# New IPV D2 Mod



## deepest (9/6/15)

*Pioneer4You iPV D2 Mod Coming Soon*
Just when you think Pioneer4You will start running at an even pace with the rest of the manufacturers, it releases yet another device into its very popular and highly favored iPV Series. This time they’ve come out with a new mod, which sports quite the appealing design. The iPV D2 is Pioneer4You’s latest take on the iPV Mini V2, but features temperature control from utilizing a YiHi Chip that sports the new Joules mode.
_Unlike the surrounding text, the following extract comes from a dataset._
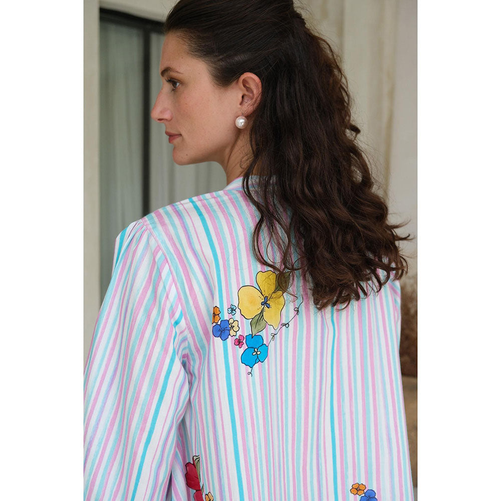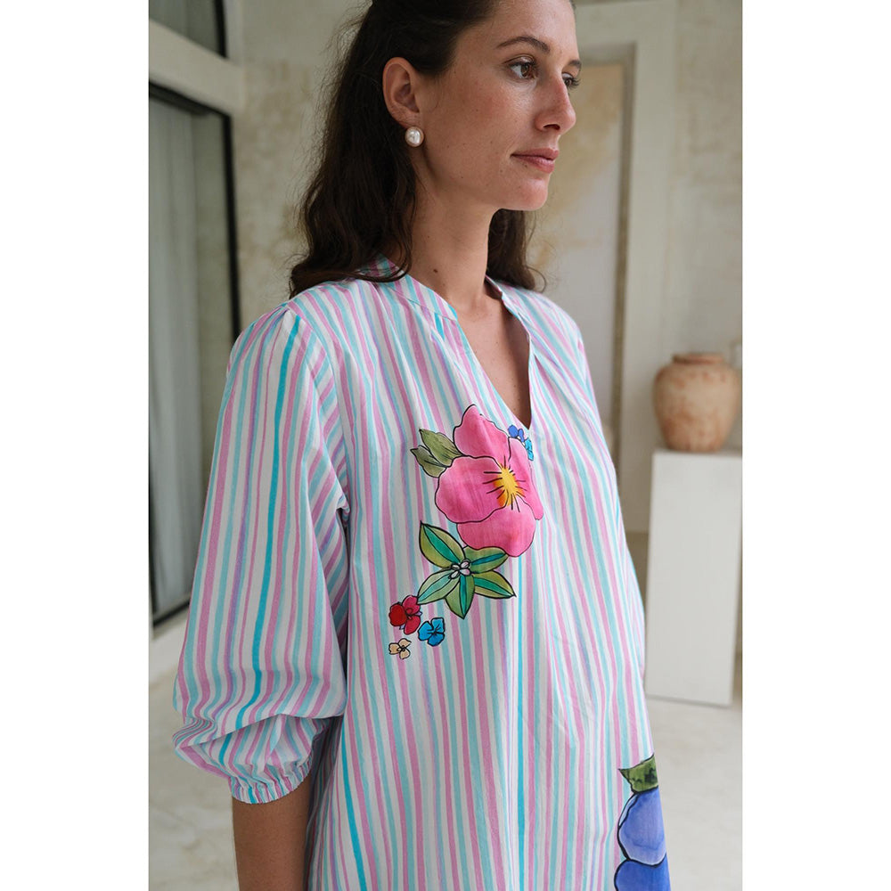 Description : The Wisteria Skater Dress: A Whimsical Short Dress with A Slit Collar, Pleated Sleeves, and Colourful Stripes. Adorned with Delicate Watercolour Buttercups Cascading From The Neck To The Sweep.

Since this device is still so new, there’s very little information provided by Pioneer4You and the device itself is still under development, but in normal vape market fashion, the device will be coming very soon. _(Some vendors already have them on their site waiting for their release)_

*What’s Known*

Uses YiHi Chip
Has Temperature Control
Offers Up To 50 Joules
Uses a Single 18650 Battery
Has Slip on Battery Compartment Cover _(like the iPV4)_












Read more http://guidetovaping.com/2015/06/07/pioneer4you-ipv-d2-mod-coming-soon/

Reactions: Like 2


----------



## ZeeZi169 (9/6/15)

This looks good!


----------



## Renesh (9/6/15)

This has now made it only my list....

Reactions: Agree 1


----------



## Nooby (9/6/15)

Wow... interesting. Is 50 joules enough though? Maybe those with temp sensing devices can comment. I like the look though. Nice and compact. Now for the price tag  and full specs


----------



## Mike (9/6/15)

Sadly current pricing is looking close to the IPV4 - I hope that's not the case though as I'd really like one of these little guys.


----------



## Ridhwaan (9/6/15)

eagerly awaiting the price


----------



## Rafique (9/6/15)

Must have, I wonder when they will be shipped out


----------



## huffnpuff (9/6/15)

Interesting, looks like a refined Subox


----------



## Nooby (9/6/15)

So difficult to keep up with all this new hardware! Will be financially better to stick with what I have


----------



## Rafique (9/6/15)

If I can get my wicking correct on my ST mini, I have my perfect combo. Trying to stick to what we have is the problem


----------